Additionally, there must be methods of assessing the validity, effectiveness, and 
abstraction level of the strategy so that it can be compared to other methods.  Validity is 
the “degree of accuracy with which the representation agrees with reality”, while 
effectiveness includes the “performance aspects of the system” and the abstraction level is 
“the explanatory power of the representation, including the scope, detail, and precision of 
concepts used in the description” (Briscoe and Caelli, 1996).
	Finally, I think that the foremost property that a machine learning system needs to 
possess is the ability to pass the Turing test.  “If an observer cannot distinguish the 
responses of a programmed machine from those of a human being” (Gardner, 1985) then 
it doesn’t matter what method was used.  The goal is to have a computer that learns.  So if 
the ML system responds after learning in an indistinguishable manner from the way a 
human responds after learning the same material, then the ML system has indeed learned, 
regardless of what process is employed. 


REFERENCES
Beasley, David, David R. Bull, and Ralph R. Martin. 1993. An overview of genetic 
algorithms: Part 1, Fundamentals. University Computing, 15(2):58-69.

Briscoe, Garry, and Terry Caelli. 1996. A compendium of machine learning. Vol. 1, 
Symbolic machine learning. Norwood, New Jersey: Ablex Publishing Company.

Gardner, Howard. 1985. The Mind’s New Science. BasicBooks.

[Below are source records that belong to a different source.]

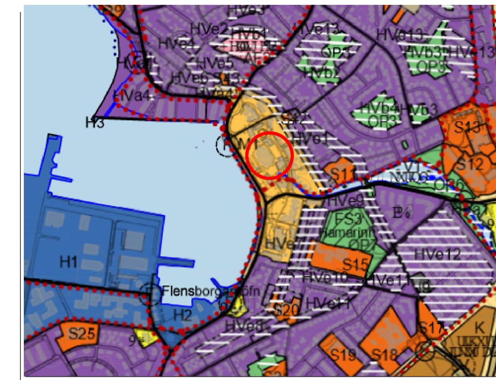
Skýringar: Aðalskipulag 2013-2025
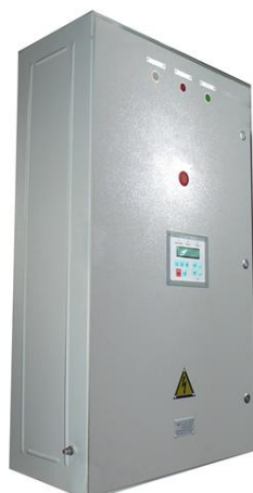
Регулятор частоты и напряжения

РЧН соответствует всем техническим требованиям Заказчика и задаваемым жёстким условиям эксплуатации. Он также подходит для всего типоряда морских турбин нового поколения. Успешная кооперация российских электротехников закрывает проблему отсутствия отечественных аналогов мощных турбин морского исполнения и позволит перейти к строительству больших океанских кораблей для ВМФ, а также современных морских судов.
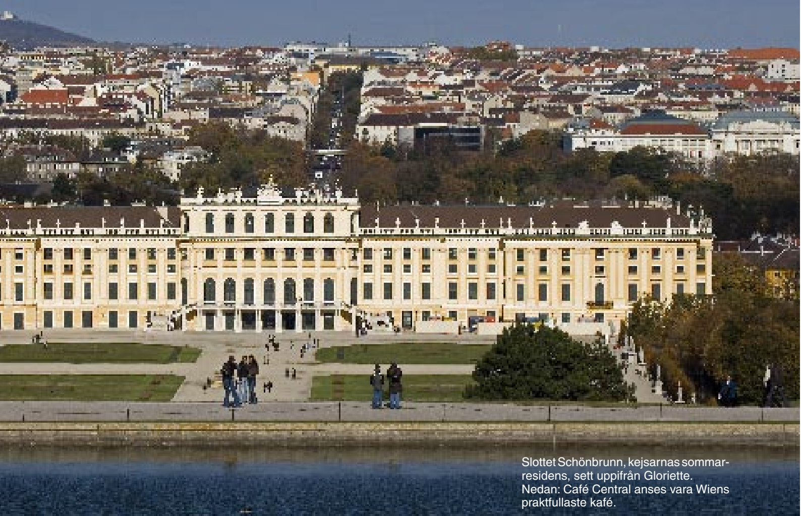
Slottet Schönbrunn, kejsarnas sommarresidens, sett uppifrån Gloriette. Nedan: Café Central anses vara Wiens praktfullaste kafé.
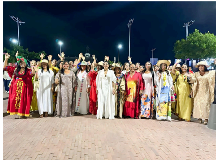
Las mujeres wayuú aportaron un toque de identidad y diversidad cultural a la cumbre de la Celac.

Una colorida y significativa representación de La Guajira se robó las miradas en la IV Cumbre de la Comunidad de Estados Latinoamericanos y Caribeños (Celac), celebrada
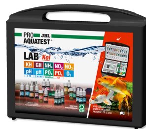
JBL PROAQUATEST LAB Koi Coffret de tests professionnel pour bassins
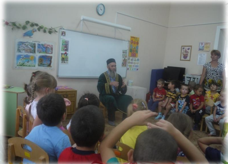
Вместе против террора!

Hassoun, Mohamad H. 1995. Fundamentals of artificial neural networks. Cambridge, 
Massachusetts: The MIT Press.

Kolen, John F., and Jordan B. Pollack. 1990. Back propagation is sensitive to initial 
conditions. Complex Systems, 4(3):269-280.

Langley, Pat. 1996. Elements of machine learning. San Francisco: Morgan Kaufmann.

Michalski, Ryszard S. 1987. Learning strategies and automated knowledge acquisition: An 
overview. Computational Models of Learning, Leonard Bolc (ed.). Berlin: Springer-
Verlag.

Russell, Stuart. 1996. Machine learning. In Handbook of Perception and Cognition series, 
Artificial Intelligence, 2d ed. Margaret A. Boden (ed.). San Diego: Academic Press.

Wiegerinck, Wim, and Tom Heskes. To appear. How dependencies between successive 
examples affect on-line learning. Neural Computation.

Whitley, Darrell. 1993. A genetic algorithm tutorial. Department of Computer Science, 
Colorado State University. Technical Report CS-93-103.